Effect of BLE on ROS generation and mitochondrial membrane potential changes in HepG2 cells. HepG2 cells were incubated without or with BLE at specified concentrations for 24 hours. (a) The generation of ROS was analyzed by DCFH-DA (10 μM/L) assay in HepG2 cells, and the fluorescence was measured at excitation and emission λ of 488 and 525 nm, respectively, with the help of a fluorescence microplate reader. (b) Fluorescence microscopic view of HepG2 cells after ROS assay indicates an increase in green fluorescence spots due to ROS generation with BLE treatment as compared to control. (c) The bar graph represents the fluorescent intensity ratios between green fluorescence (for loss of membrane potential at 485 nm-535 nm λ) and red fluorescence (for normal changes in mitochondrial membrane potential at 535 nm-590 nm λ) by the fluorescent microplate reader.

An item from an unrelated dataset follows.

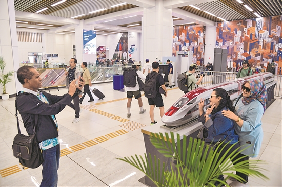 當(dāng)?shù)貢r(shí)間7月17日,在印度尼西亞雅加達(dá)哈利姆站候車大廳,乘客與雅萬(wàn)高鐵高速動(dòng)車組模型合影。

The JC-1 red fluorescence intensity was selected as 100%, and fluorescence intensity of treated samples was measured relative to control as (treated/control) × 100. (d) Florescent microscopic view of HepG2 cells for Δψ after staining in the dark with a JC-1 probe for 30 min and red fluorescence was present in cells with high ψ and vice versa for green fluorescence; photographs were taken at two λ (green and red). All values are mean ± SD from three independent experiments. Significant differences as compared to control were depicted by ^∗p, 0.05; ^∗∗p, 0.01; or ^∗∗∗p, 0.001.

Figure 4

Selective arrest of the cell cycle by BLE against HepG2 cells after 24 h of incubation. (a) The histograms were made by analysis on a ModFit LT model of analysis for control and BLE-treated HepG2 cells at mentioned concentrations for 24 h. BLE arrested the HepG2 cell's cycle at the synthesis (S) phase of growth at 0.0625 mg/mL and G₁ phase after treatment at high concentrations of 0.5 and 1 mg/mL. (b) Gate 1 is plotted with FL2-W (width) and FL2-A (area) of the scattered cells, and gate 2 defines FSC-H (forward scatter) and SSC-H (side scatter) of the stained HepG2 cells.

Figure 5

Variable genetic expression of key apoptotic/cell cycle markers after treatment with BLE. The mRNA expression is relative to 24 h. All results are stated as mean ± SD from experiments repeated three times.